* _Dataset content_
=== Begin Enclosure ===

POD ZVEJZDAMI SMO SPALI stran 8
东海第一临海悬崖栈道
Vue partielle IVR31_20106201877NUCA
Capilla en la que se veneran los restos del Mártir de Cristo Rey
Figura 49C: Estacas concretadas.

=== End Enclosure ===
=== Begin Enclosure ===

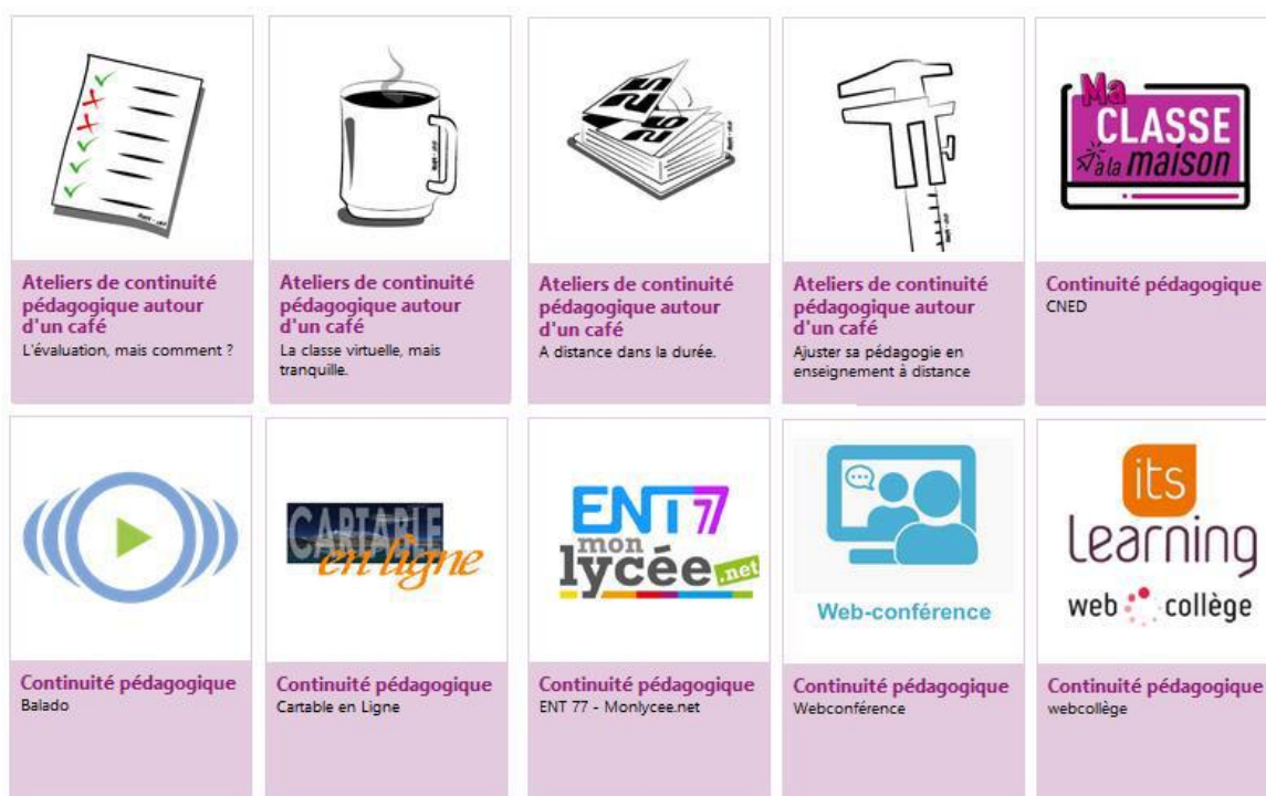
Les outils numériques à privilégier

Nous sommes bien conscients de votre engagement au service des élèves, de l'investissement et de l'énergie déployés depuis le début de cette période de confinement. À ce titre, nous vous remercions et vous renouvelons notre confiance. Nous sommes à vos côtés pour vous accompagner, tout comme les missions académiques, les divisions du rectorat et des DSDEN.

=== End Enclosure ===

Above are records; repeat only the lines starting at the line with "POD ZVEJZDAMI SMO SPALI stran 8" and ending at the line with "Figura 49C: Estacas concretadas.", exactly as they appear, both included.

* _Reply to the task_
POD ZVEJZDAMI SMO SPALI stran 8
东海第一临海悬崖栈道
Vue partielle IVR31_20106201877NUCA
Capilla en la que se veneran los restos del Mártir de Cristo Rey
Figura 49C: Estacas concretadas.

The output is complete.